[WHAT THE TASK REQUIRES]: Exact reproduction of the data is required, with images excluded.

[MATERIAL PROVIDED]:

Content starts

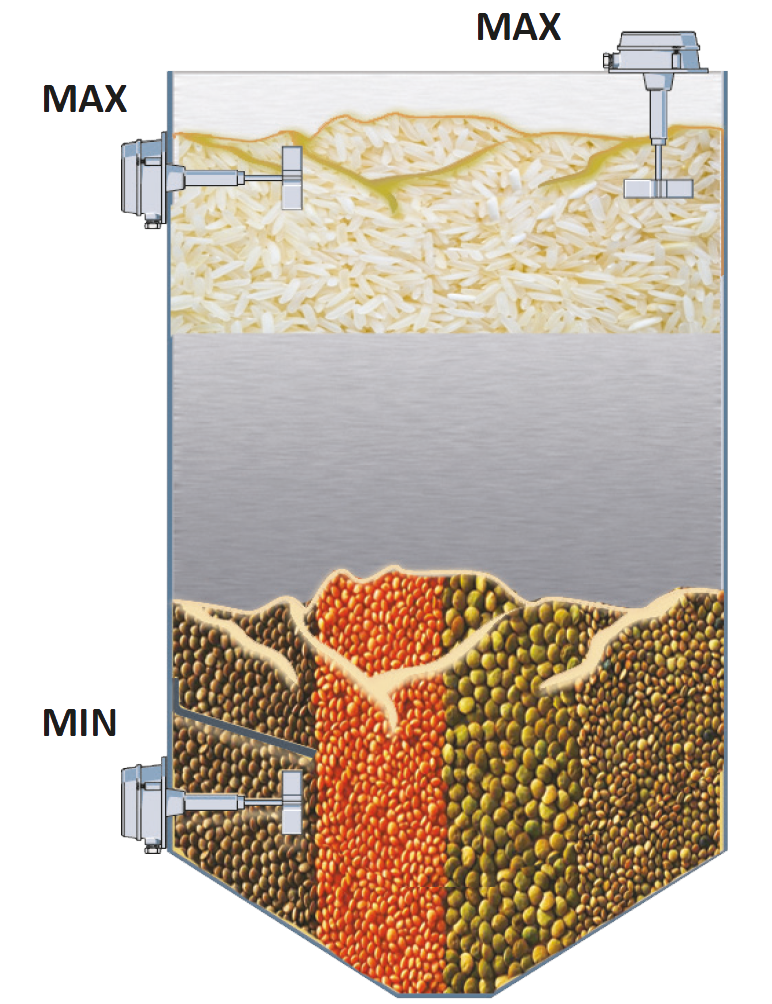 L’apertura o la chiusura del circuito elettrico permette di comandare segnali acustici o visivi, oppure di controllare il carico del silo, l’arresto di trasportatori, coclee, ecc.
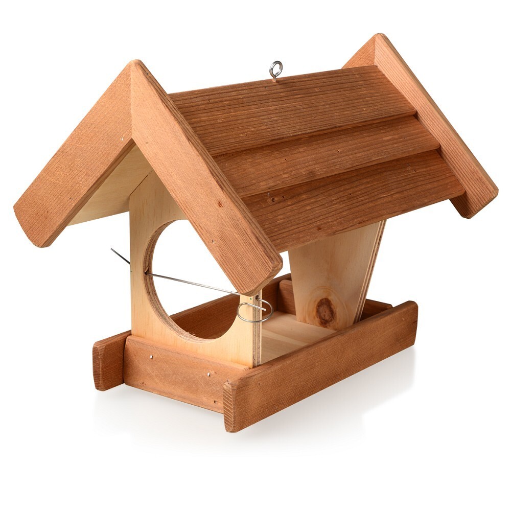Dřevěné krmítko pro venkovní ptactvo s napichovacím drátkem pro lojové pochoutky.
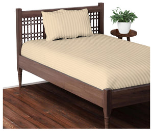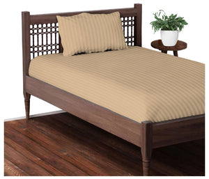 The Lorenzo satin stripe fitted bedsheet, with a 210 thread count, offers a luxurious blend of comfort, durability, and elegance. Made from premium cotton, it features a subtle satin stripe design that adds sophistication to any bedroom. The fitted design ensures a secure, wrinkle-free fit on the mattress, while the fine weave enhances breathability and softness. Lightweight yet strong, it is easy to maintain, resistant to wear, and retains its smooth texture after multiple washes, providing a premium sleep experience.
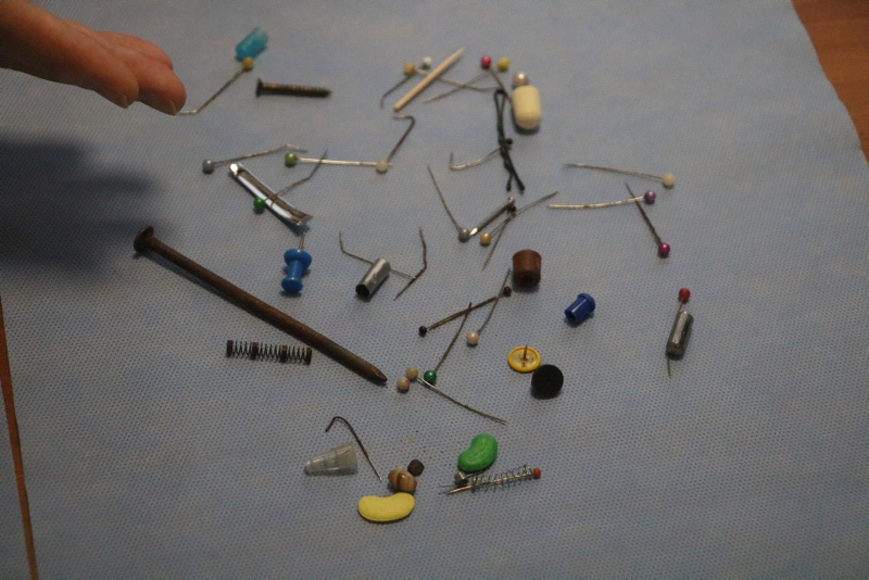 Şahin, yaptıkları koleksiyonda en çok 13 santimetrelik çivinin dikkat çektiğini belirterek, "Bu gördüğünüz çivi yaklaşık 12-13 santimetre civarında. Bunu aspire eden hastamızın boynunda kalıcı bir trakeostomisi var. İçinde de gümüş kanülü var. Normal şartlarda hastamızın bunu çıkarıp temizlemesi gerekirken bulunduğu yerde bu çivi ile temizlemeye çalışıyor ve çivi elinden içeriye kaçırıyor. İlginç bir hikayesi var. Tabi dikkatli olmak lazım" şeklinde konuştu.

Content ends

[SOLVED PROBLEM]:
 L’apertura o la chiusura del circuito elettrico permette di comandare segnali acustici o visivi, oppure di controllare il carico del silo, l’arresto di trasportatori, coclee, ecc.
Dřevěné krmítko pro venkovní ptactvo s napichovacím drátkem pro lojové pochoutky.
 The Lorenzo satin stripe fitted bedsheet, with a 210 thread count, offers a luxurious blend of comfort, durability, and elegance. Made from premium cotton, it features a subtle satin stripe design that adds sophistication to any bedroom. The fitted design ensures a secure, wrinkle-free fit on the mattress, while the fine weave enhances breathability and softness. Lightweight yet strong, it is easy to maintain, resistant to wear, and retains its smooth texture after multiple washes, providing a premium sleep experience.
 Şahin, yaptıkları koleksiyonda en çok 13 santimetrelik çivinin dikkat çektiğini belirterek, "Bu gördüğünüz çivi yaklaşık 12-13 santimetre civarında. Bunu aspire eden hastamızın boynunda kalıcı bir trakeostomisi var. İçinde de gümüş kanülü var. Normal şartlarda hastamızın bunu çıkarıp temizlemesi gerekirken bulunduğu yerde bu çivi ile temizlemeye çalışıyor ve çivi elinden içeriye kaçırıyor. İlginç bir hikayesi var. Tabi dikkatli olmak lazım" şeklinde konuştu.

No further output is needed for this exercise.